If you never heard about Open Banking, it’s basically all the banks in the world somewhat converging into providing standardized and modern APIs for all their services. At least in theory, in practice of course the capabilities and implementation details vary greatly country-to-country and instead of a truly open standard you need to go through middlemen such as Plaid. This is not my field of expertise so I can’t go into the details but all I can say is that Plaid does a great job at converting dinosaurs banks into REST APIs.

They have a wide number of APIs but the one that I’m interested into is the Transactions API. The most interesting information about bank accounts, especially if you are building a personal finance app, is to see the list of transactions that happened there.

One of three thing can happen, with examples:

• A new transaction happened (you bought something)

• A transaction got modified (exchange rate got finalized)

• Or it can be deleted (transaction was not captured in the end)

In the case of Plaid, they work a lot with batches. I don’t even want to know how they receive those transaction but if you told me they came from a latin-1-encoded CSV file dropped on a FTP every 3h I would not be surprised. As a result it’s much less real-time-ish than Telegram. It’s not extremely relevant to ship every event individually.

Instead they’ll give you a cursor — up to you to keep track of it in that case — and give you aggregated added/modified/removed transactions.
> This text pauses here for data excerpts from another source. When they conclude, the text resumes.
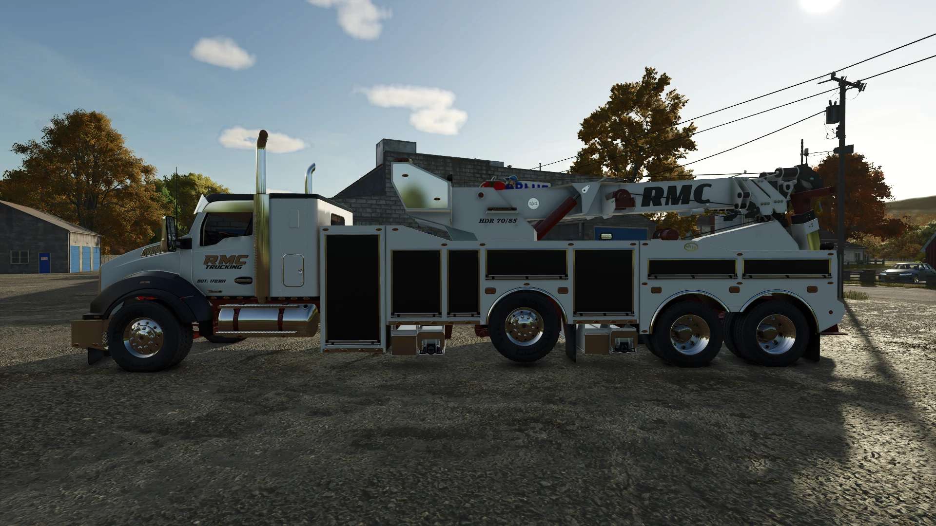 T880 Rotator with color selection for main paint, two tone and chrome. 3 control group selections for outriggers, main boom and rear tow arm. 5 winches with triggers on either side of the bed located at the lift axles for the front boom winches, rear sides of bed for end boom winches and rear of bed for rear arm winch. The rear arm has a tension belt or your mod can have a trailer, trailerLow, trailerCar, semitrailer, semitrailerCar. Adding an attacher to vehicles to tow allows the brake force to be reduced for better towing.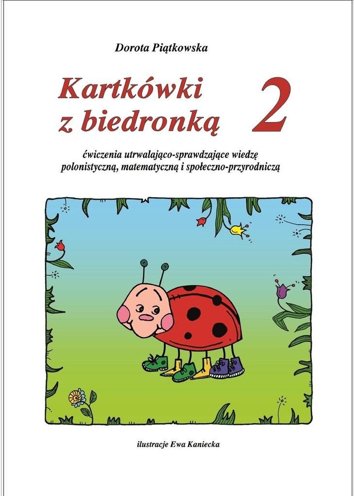 Kartkówki z biedronką 2 to druga z serii książek dla klas 1-3 szkoły podstawowej. Książka została opracowana zgodnie z nową podstawą programową. Zawiera treści z zakresu edukacji polonistycznej, matematycznej i społeczno-przyrodniczej w trzech osobnych rozdziałach. Z uwagi na swoją uniwersalność może być stosowana z dowolnymi programami i podręcznikami jako materiał utrwalająco-sprawdzający wiedzę i umiejętności ucznia zarówno w szkole jak i w domu. Obok wartości edukacyjnej, zadaniem książki jest rozwijanie zainteresowań czytelniczych i szeroko rozumianej twórczości dziecka. Ćwiczenia w niej zawarte mogą być wykorzystywane w profilaktyce ryzyka dysleksji rozwojowej i pracy z dziećmi o specjalnych potrzebach edukacyjnych (SPE). I. Edukacja polonistyczna: alfabet, głoska-litera, samogłoski, spółgłoski, dwuznaki, głoski miękkie, zdania, rodzaje zdań, skróty, czytanie ze zrozumieniem, rzeczownik, czasownik, przymiotnik II. Edukacja matematyczna: orientacja przestrzenna, zbiory, cechy wielkościowe, działania na liczbach w zakresie, 10, 20, 30, obliczenia z niewiadomą, mierzenie pojemności, ważenie, cyfry rzymskie i kalendarz, zegar, mierzenie długości, figury geometryczne, wprowadzenie do ułamków III. edukacja społeczno- przyrodnicza: roślina (kwiat, rozwój, uprawa), owoce i warzywa, witaminy, las, w zbiorniku wodnym, kot i pies, zwierzęta egzotyczne, ptaki, łańcuchy pokarmowe, ochrona przyrody, Ziemia.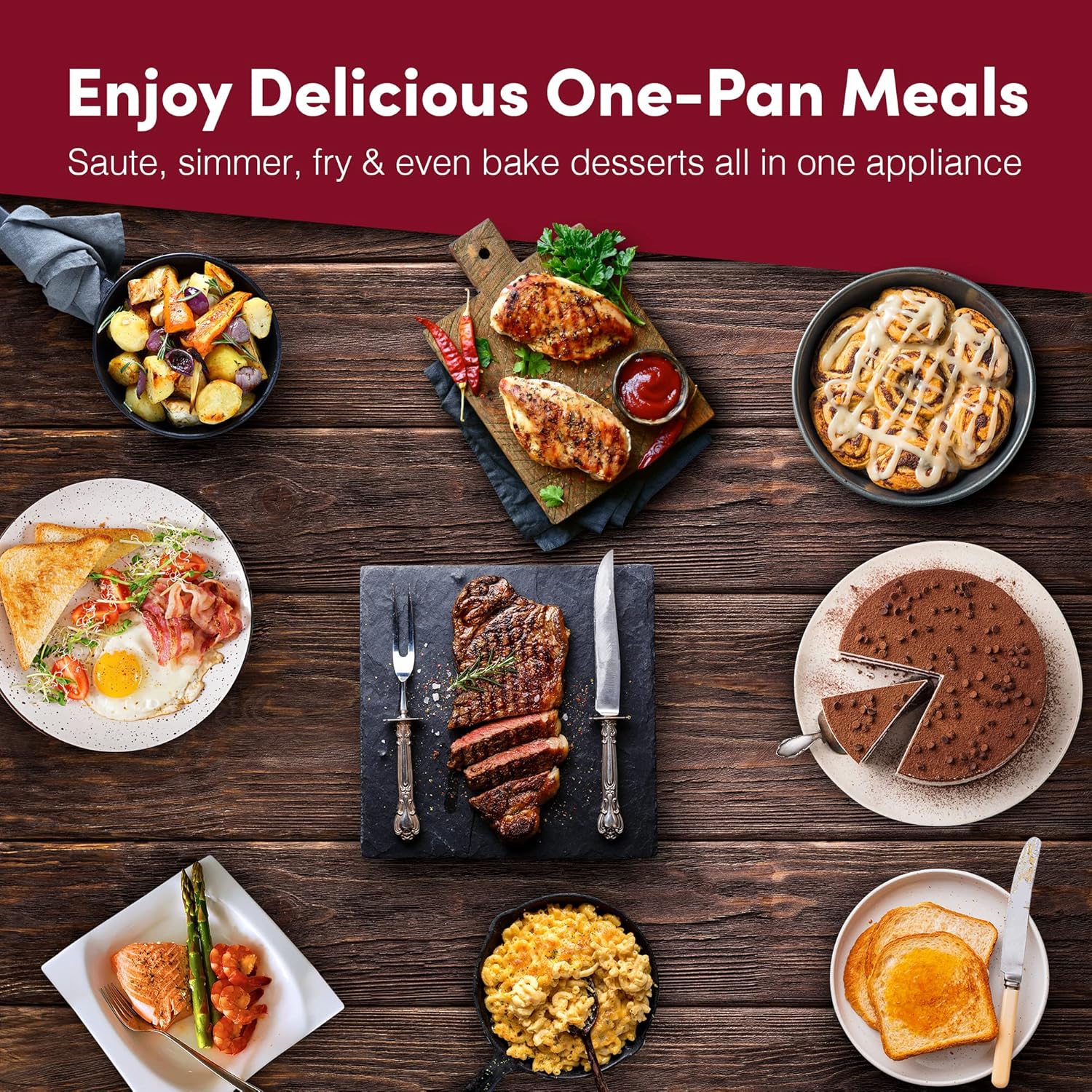 - LOCK IN FLAVORS and moisture and view cooking progress with the vented tempered glass lid. Extra Large 12” x 12” pan dimensions let you cook entire meals for the whole family.

Which makes it very easy to update your own database. If you just had the list of latest transactions for example, you’d have to diff the DB to know what to create, update or delete. But here you can blindly do a bulk insert, bulk update and delete. 3 SQL queries maximum and done.

The only issue I have with their system is that… It’s based on webhooks 😓

But that’s not causing much harm. Of course it means you need to setup a HTTP tunnel before developing with their API but on the other hand because they have this sync method you avoid all the other drawbacks pretty easily. You can even poll the API every day if you don’t care about being “as fast as possible”.

Take away

Webhooks suck because they bring a hoard of subtle yet annoying problems. Most queue systems are either “at most once” or “at least once”. Webhooks are “probably once 🤞🏻” and bring with them a terrible developer experience.
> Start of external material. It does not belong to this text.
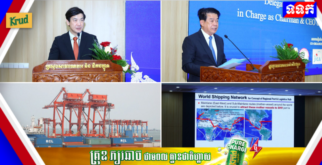 ខេត្តព្រះសីហនុ ៖ សិក្ខាសាលាផ្សព្វផ្សាយ ស្ដីពី “គម្រោងអភិវឌ្ឍន៍ផែនការមេដើម្បីប្រែក្លាយកំពង់ផែក្រុងព្រះសីហនុ ទៅជាកំពង់ផែ និងមជ្ឈមណ្ឌលឡូជីស្ទីក ថ្នាក់តំបន់” ជាមយមួយលោក NAGASE Kensuke អនុប្រធានបេសកកម្មនៃស្ថានទូតជប៉ុនប្រចាំកម្ពុជា។ រាជរដ្ឋាភិបាលកម្ពុជា ចាប់ផ្ដើមផ្សព្វផ្សាយគម្រោងអភិវឌ្ឍន៍ផែនការមេដើម្បីប្រែក្លាយកំពង់ផែក្រុងព្រះសីហនុ ទៅជាកំពង់ផែ និងមជ្ឈមណ្ឌលឡូជីស្ទីកថ្នាក់តំបន់ ប៉ូលអភិវឌ្ឍន៍ជាតិ និងជាគោលដៅទេសចរណ៍ឆ្នេរសមុទ្រ។

But what we really need to do is decouple two problems: the one of waking up remote code and the one of synchronizing state.

Waking up remote code is fairly easy now that async architectures are widespread, you can either rely on an external cloud provider or simply let people open websockets to you.

And then regarding state synchronization, most likely you want a somewhat linear sequence of events to be streamed to your consumer, relying heavily on the concept of cursors to let remote code communicate its current knowledge of the state.

At the end of the day, if you are making a public API, the developer experience is going to matter a lot and involves in the current case two main elements:

• How complicated is the code going to be when using your API? The lightest the required wrapping, the least the data post-processing, the better.

• How hard will the problems be to solve in terms of infrastructure? States to be kept, network flows, etc. Keep in mind that most apps start from scratch so optimize for small operations rather than world-scale conglomerates.

So if you are making a public API — for the wide web to use or simply for other parts of your company — please think well how you can make the life of your peers easier and safer!